Stored data:
————

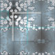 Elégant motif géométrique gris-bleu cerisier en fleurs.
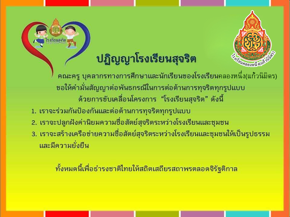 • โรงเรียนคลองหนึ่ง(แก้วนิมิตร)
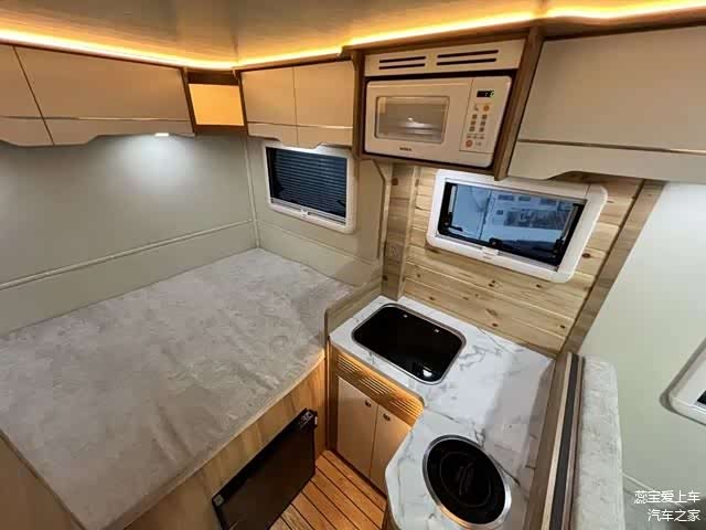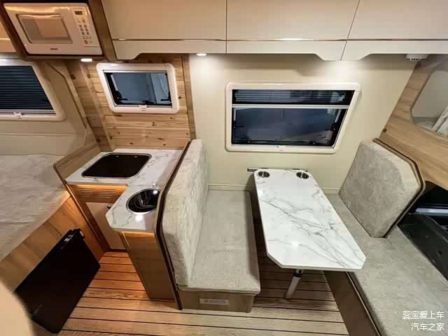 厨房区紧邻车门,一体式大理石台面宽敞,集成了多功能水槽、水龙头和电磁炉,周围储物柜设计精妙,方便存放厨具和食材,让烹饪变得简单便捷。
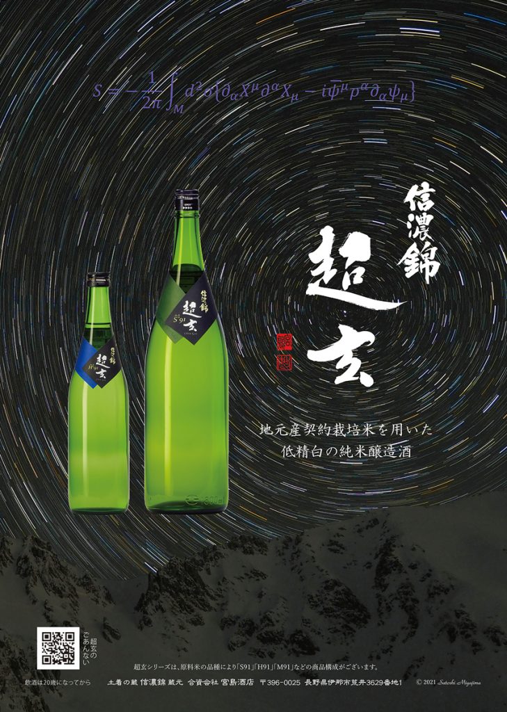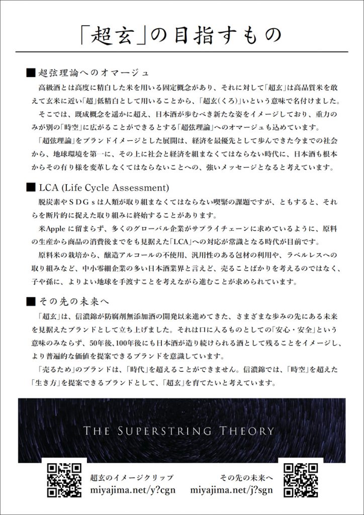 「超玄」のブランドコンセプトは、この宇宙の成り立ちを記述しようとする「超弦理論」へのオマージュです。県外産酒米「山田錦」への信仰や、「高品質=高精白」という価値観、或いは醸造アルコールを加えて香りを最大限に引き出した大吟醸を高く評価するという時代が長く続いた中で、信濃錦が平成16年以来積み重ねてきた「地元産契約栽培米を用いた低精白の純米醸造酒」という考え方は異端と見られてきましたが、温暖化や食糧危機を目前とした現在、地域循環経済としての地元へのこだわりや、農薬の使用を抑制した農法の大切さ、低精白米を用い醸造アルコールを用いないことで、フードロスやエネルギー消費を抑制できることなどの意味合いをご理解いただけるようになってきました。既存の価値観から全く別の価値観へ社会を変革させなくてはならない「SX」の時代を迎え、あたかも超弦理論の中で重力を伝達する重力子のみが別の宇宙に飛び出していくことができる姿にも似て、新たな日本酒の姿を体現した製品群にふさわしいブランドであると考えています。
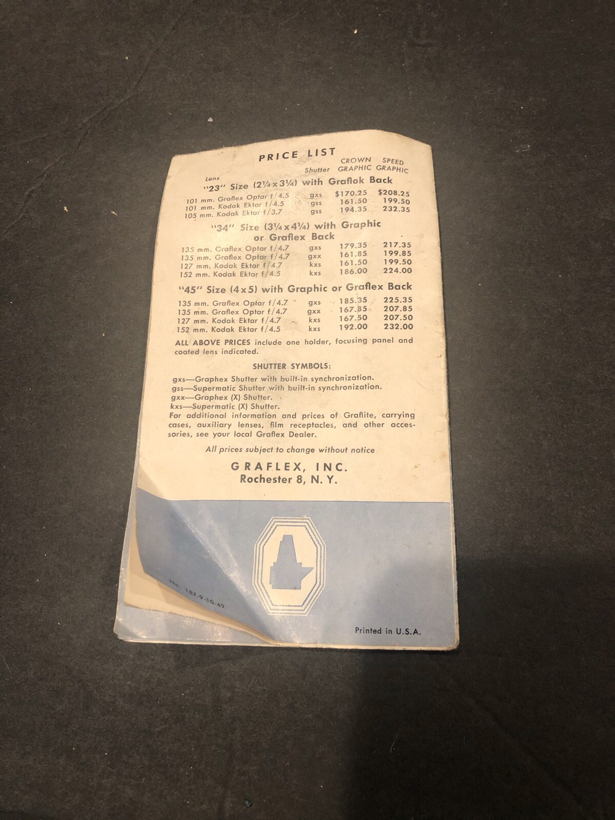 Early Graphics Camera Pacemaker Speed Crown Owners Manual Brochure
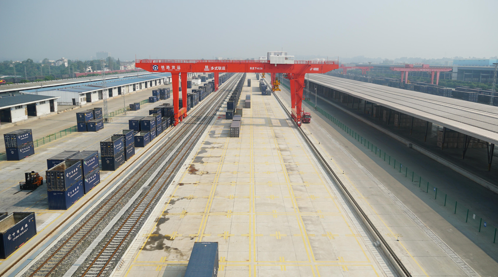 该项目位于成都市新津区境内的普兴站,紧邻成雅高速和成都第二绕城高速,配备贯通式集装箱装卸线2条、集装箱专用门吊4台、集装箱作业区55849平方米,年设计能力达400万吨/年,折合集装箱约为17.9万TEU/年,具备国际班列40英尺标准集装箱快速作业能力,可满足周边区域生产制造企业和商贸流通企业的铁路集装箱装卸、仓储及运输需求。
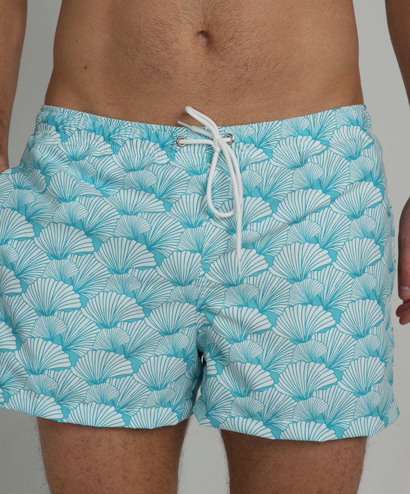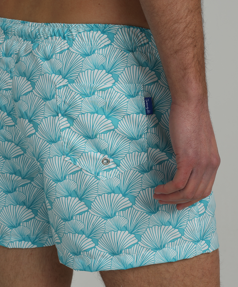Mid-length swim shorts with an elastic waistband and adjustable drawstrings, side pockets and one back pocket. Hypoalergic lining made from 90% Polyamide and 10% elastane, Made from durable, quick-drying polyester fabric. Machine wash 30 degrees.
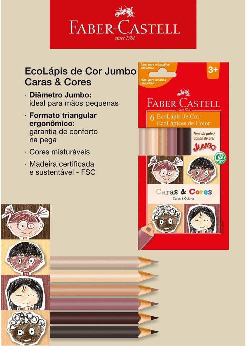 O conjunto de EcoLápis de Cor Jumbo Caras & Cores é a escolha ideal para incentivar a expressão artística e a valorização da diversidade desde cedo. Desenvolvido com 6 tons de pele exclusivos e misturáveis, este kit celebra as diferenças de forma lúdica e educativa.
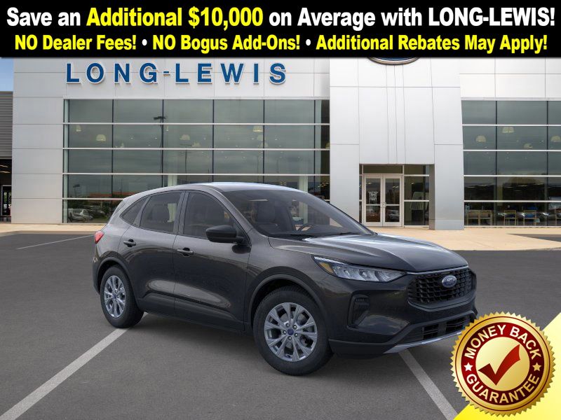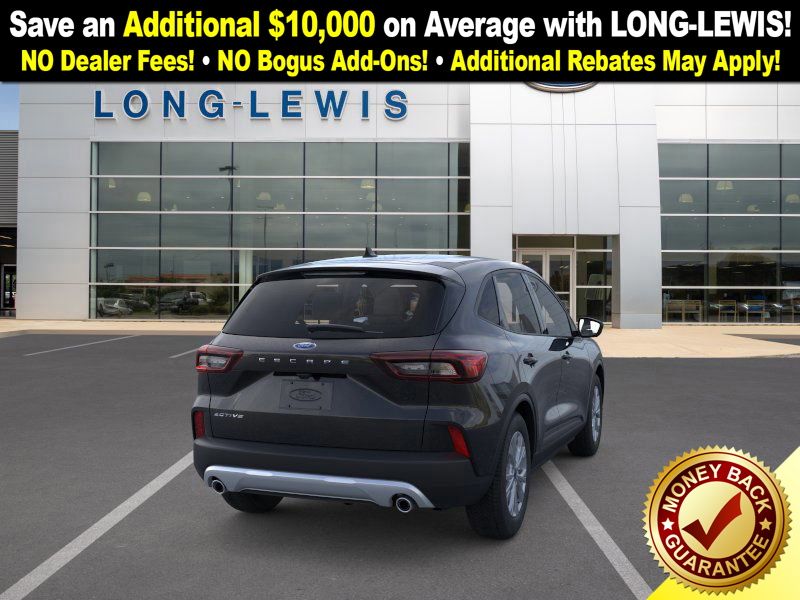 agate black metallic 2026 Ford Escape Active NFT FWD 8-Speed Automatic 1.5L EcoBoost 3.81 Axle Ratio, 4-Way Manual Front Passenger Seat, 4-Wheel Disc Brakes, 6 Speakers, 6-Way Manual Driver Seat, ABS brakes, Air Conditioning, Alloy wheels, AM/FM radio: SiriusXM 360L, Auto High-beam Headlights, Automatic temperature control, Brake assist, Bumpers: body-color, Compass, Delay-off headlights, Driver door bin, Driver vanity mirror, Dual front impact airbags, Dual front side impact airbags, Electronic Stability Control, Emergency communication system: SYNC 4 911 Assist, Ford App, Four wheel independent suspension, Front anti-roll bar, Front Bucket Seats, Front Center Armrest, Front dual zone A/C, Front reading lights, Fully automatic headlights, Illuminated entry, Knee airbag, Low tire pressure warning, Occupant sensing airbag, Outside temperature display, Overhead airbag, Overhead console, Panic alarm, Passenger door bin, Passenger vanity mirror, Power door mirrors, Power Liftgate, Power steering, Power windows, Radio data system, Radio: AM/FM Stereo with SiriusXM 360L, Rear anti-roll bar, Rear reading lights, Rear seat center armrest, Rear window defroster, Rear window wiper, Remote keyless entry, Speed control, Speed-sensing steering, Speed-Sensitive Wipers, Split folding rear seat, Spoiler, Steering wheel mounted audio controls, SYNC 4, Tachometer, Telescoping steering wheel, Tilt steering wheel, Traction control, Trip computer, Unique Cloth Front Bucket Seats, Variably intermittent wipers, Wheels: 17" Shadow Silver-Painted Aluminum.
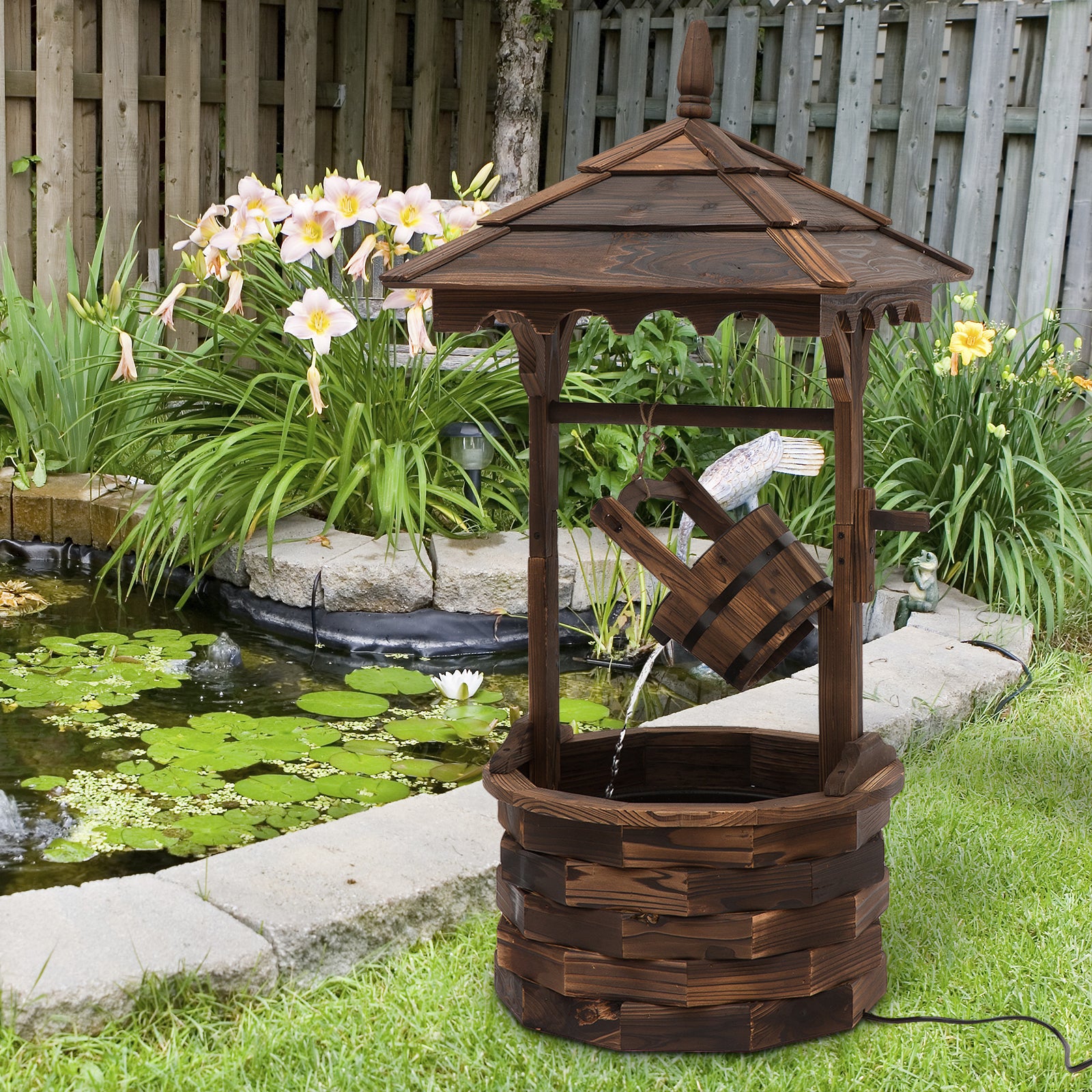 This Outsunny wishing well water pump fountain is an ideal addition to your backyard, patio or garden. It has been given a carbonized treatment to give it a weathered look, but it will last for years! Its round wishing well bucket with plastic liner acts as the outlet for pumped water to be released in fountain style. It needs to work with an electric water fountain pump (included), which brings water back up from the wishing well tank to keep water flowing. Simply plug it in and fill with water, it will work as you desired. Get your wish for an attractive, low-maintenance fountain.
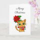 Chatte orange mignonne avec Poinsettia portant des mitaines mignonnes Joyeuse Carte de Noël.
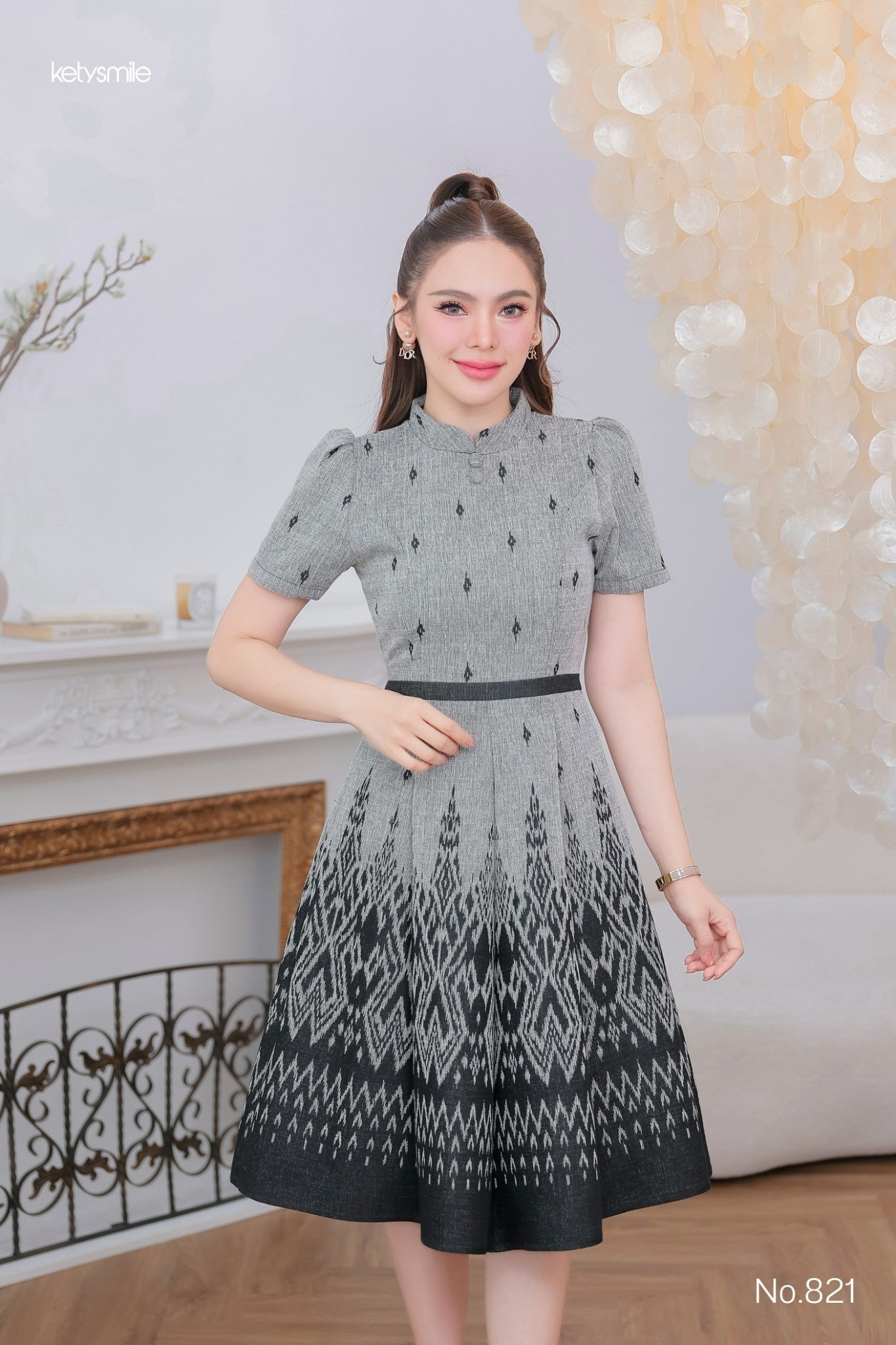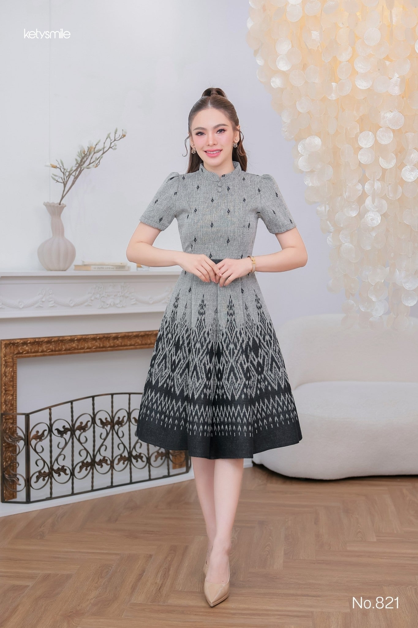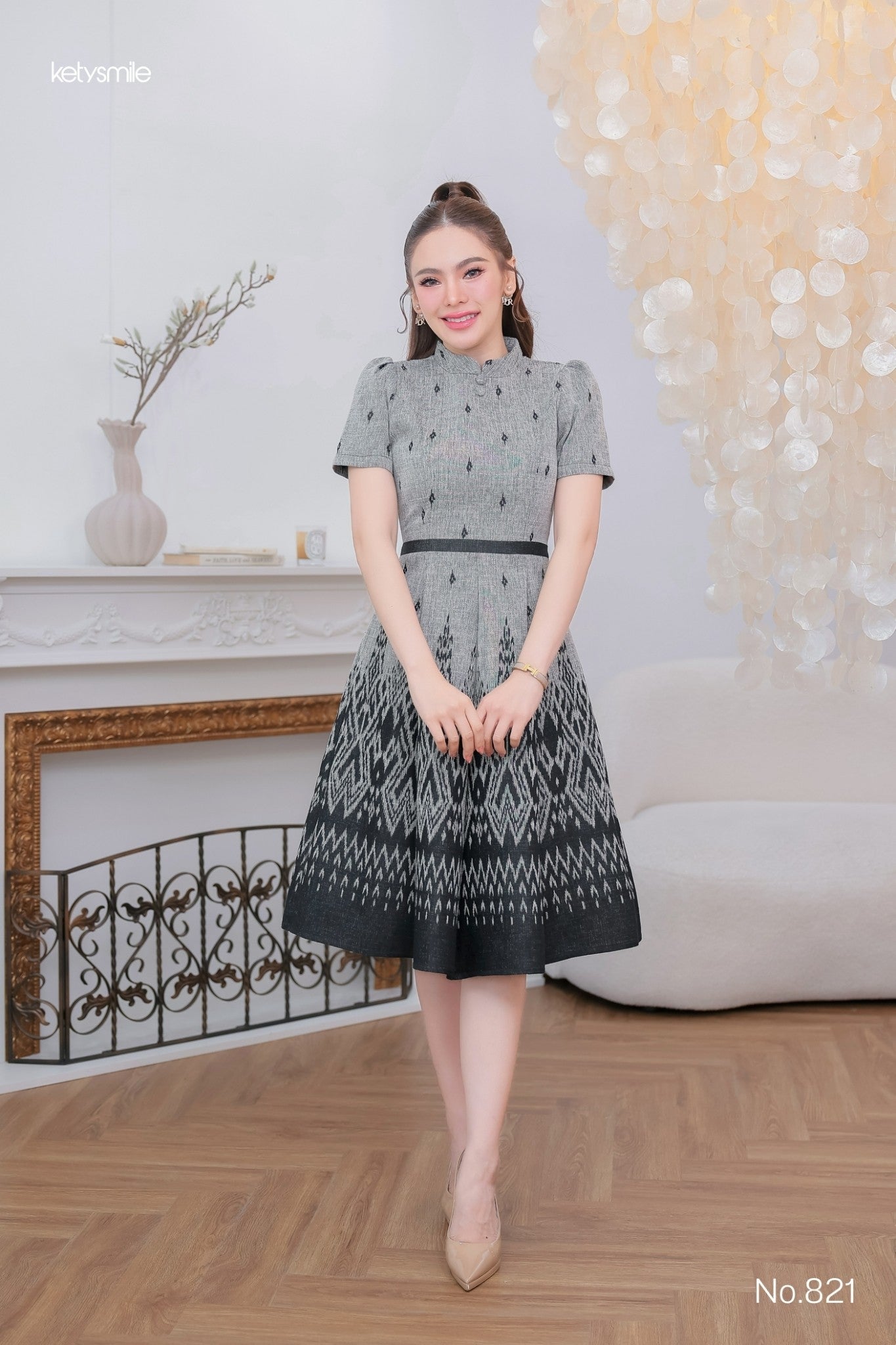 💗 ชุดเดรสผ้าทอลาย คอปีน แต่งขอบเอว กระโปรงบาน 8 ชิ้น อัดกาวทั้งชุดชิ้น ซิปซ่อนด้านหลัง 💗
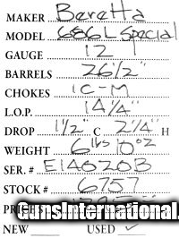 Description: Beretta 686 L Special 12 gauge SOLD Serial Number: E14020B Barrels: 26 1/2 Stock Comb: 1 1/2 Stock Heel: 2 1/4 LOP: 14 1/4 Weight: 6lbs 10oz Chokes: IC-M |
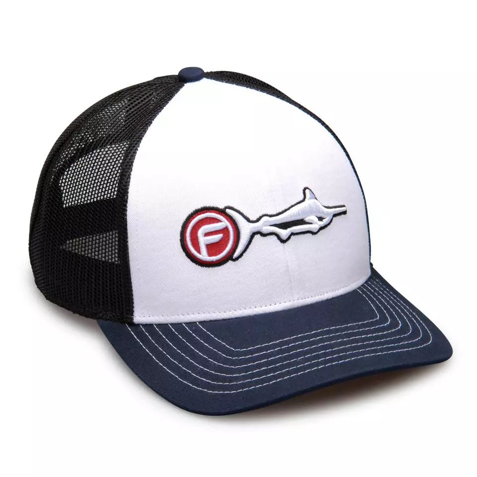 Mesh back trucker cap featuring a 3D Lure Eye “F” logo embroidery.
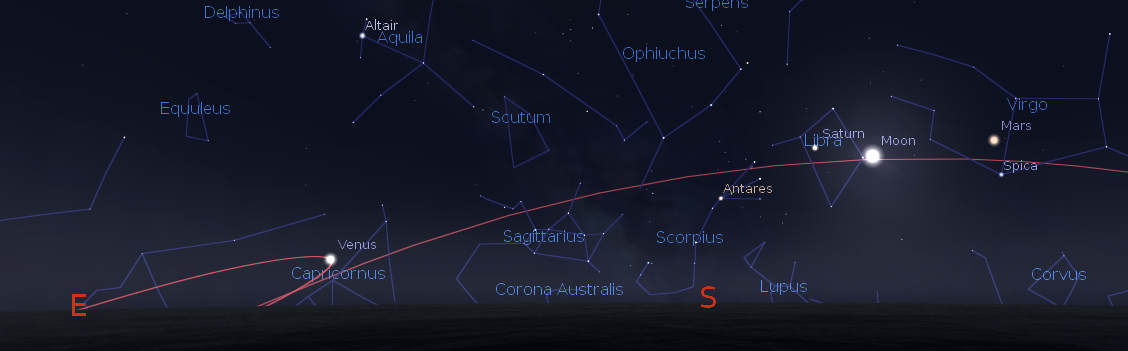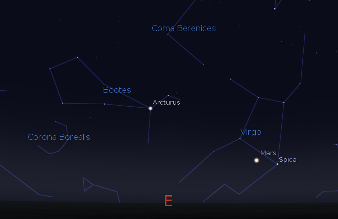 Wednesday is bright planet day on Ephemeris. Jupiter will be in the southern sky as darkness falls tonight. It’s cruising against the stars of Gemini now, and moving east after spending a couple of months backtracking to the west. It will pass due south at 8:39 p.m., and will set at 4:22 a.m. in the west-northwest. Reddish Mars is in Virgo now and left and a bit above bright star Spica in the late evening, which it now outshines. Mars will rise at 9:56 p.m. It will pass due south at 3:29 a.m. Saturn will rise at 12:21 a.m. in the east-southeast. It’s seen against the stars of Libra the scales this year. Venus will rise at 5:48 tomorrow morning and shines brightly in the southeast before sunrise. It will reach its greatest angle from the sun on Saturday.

————

HOW TO COMPLETE THIS TASK - Give again, word for word, only the lines that run from the top of the data above through the line with "O conjunto de". Drop the pictures.

ANSWER SPACE -
 Elégant motif géométrique gris-bleu cerisier en fleurs.
 • โรงเรียนคลองหนึ่ง(แก้วนิมิตร)
 厨房区紧邻车门,一体式大理石台面宽敞,集成了多功能水槽、水龙头和电磁炉,周围储物柜设计精妙,方便存放厨具和食材,让烹饪变得简单便捷。
 「超玄」のブランドコンセプトは、この宇宙の成り立ちを記述しようとする「超弦理論」へのオマージュです。県外産酒米「山田錦」への信仰や、「高品質=高精白」という価値観、或いは醸造アルコールを加えて香りを最大限に引き出した大吟醸を高く評価するという時代が長く続いた中で、信濃錦が平成16年以来積み重ねてきた「地元産契約栽培米を用いた低精白の純米醸造酒」という考え方は異端と見られてきましたが、温暖化や食糧危機を目前とした現在、地域循環経済としての地元へのこだわりや、農薬の使用を抑制した農法の大切さ、低精白米を用い醸造アルコールを用いないことで、フードロスやエネルギー消費を抑制できることなどの意味合いをご理解いただけるようになってきました。既存の価値観から全く別の価値観へ社会を変革させなくてはならない「SX」の時代を迎え、あたかも超弦理論の中で重力を伝達する重力子のみが別の宇宙に飛び出していくことができる姿にも似て、新たな日本酒の姿を体現した製品群にふさわしいブランドであると考えています。
 Early Graphics Camera Pacemaker Speed Crown Owners Manual Brochure
 该项目位于成都市新津区境内的普兴站,紧邻成雅高速和成都第二绕城高速,配备贯通式集装箱装卸线2条、集装箱专用门吊4台、集装箱作业区55849平方米,年设计能力达400万吨/年,折合集装箱约为17.9万TEU/年,具备国际班列40英尺标准集装箱快速作业能力,可满足周边区域生产制造企业和商贸流通企业的铁路集装箱装卸、仓储及运输需求。
Mid-length swim shorts with an elastic waistband and adjustable drawstrings, side pockets and one back pocket. Hypoalergic lining made from 90% Polyamide and 10% elastane, Made from durable, quick-drying polyester fabric. Machine wash 30 degrees.
 O conjunto de EcoLápis de Cor Jumbo Caras & Cores é a escolha ideal para incentivar a expressão artística e a valorização da diversidade desde cedo. Desenvolvido com 6 tons de pele exclusivos e misturáveis, este kit celebra as diferenças de forma lúdica e educativa.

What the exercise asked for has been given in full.